Bangladesh has the potential to join the ranks of middle-income countries (MICs) with a per capita GNI of 875 US dollar (4.700 DKR i indtægt pr. indbygger) by 2016, local newspaper The Financial Express reported Friday.
A World Bank report titled “Bangladesh: strategy for sustained growth” revealed Thursday to reach that level, the South Asian country needs to attain sustained GDP growth rate of 7,5 percent per annum.
The countrys per-capita GNI was recorded at 520 dollar in fiscal 2006-07.
Despite the widely acknowledged and critical weaknesses in governance, Bangladesh has an impressive record of achievement, especially in harnessing sound economic and social policies to pioneering social entrepreneurship, said the report.
World Bank Country Director Xian Zhu stressed that a rapid transition to the MIC status would demand a consistent political commitment.

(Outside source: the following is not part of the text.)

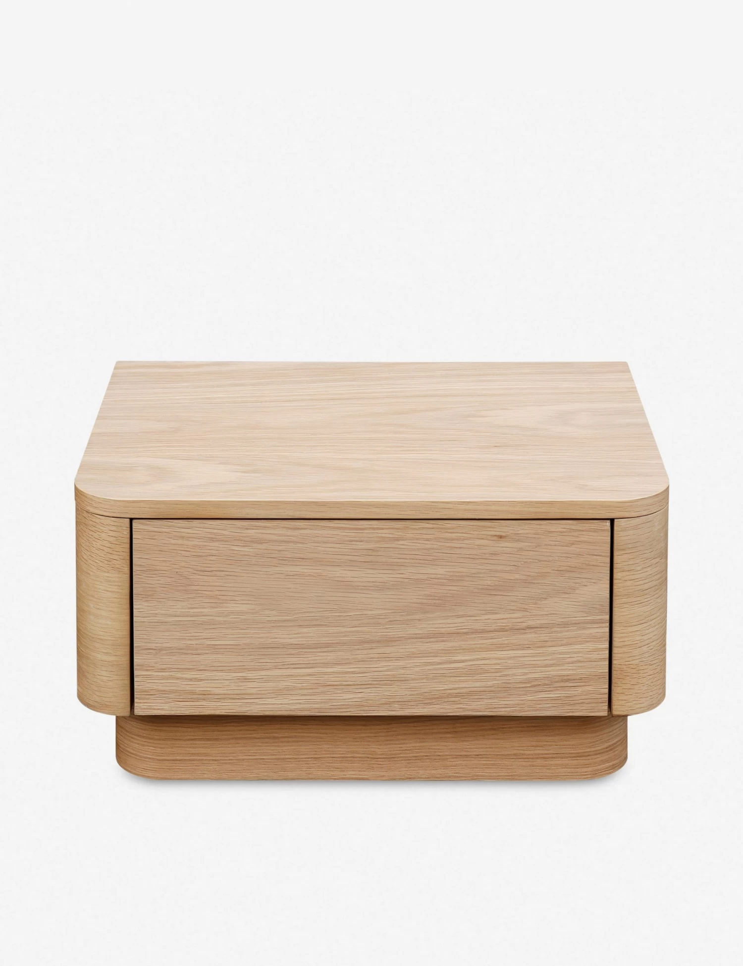 A minimalist nightstand from the Ryland Collection featuring solid oak construction with softly molded corners and a low-slung design. Clean, gentle lines and a sleek wood grain are highlighted by a light, natural finish for a look that is understated and refined. Set on a plinth-style base, a single drawer opens to spacious storage in this streamlined bedside table.

Zhu said successful management of three transitions would be “a key to achievement of Bangladeshs MIC aspirations”. These are a shift from agriculture to industry and services, deepening of integration with global market, and emergence of dynamic and diverse urban centers. Zhu also underscored the creation of dynamic and diverse urban centers as essential.
Zhu said any of the emerging structural issues – critically weak governance, urban congestion and mismanagement, overburdened port, power and transportation facilities, and acute skill shortages – can easily become a binding constraint to growth.
– Any slippage in macroeconomic discipline can derail the transition by several years. Neither would the lackluster performance of agriculture be conducive to the MIC aspirations, he warned.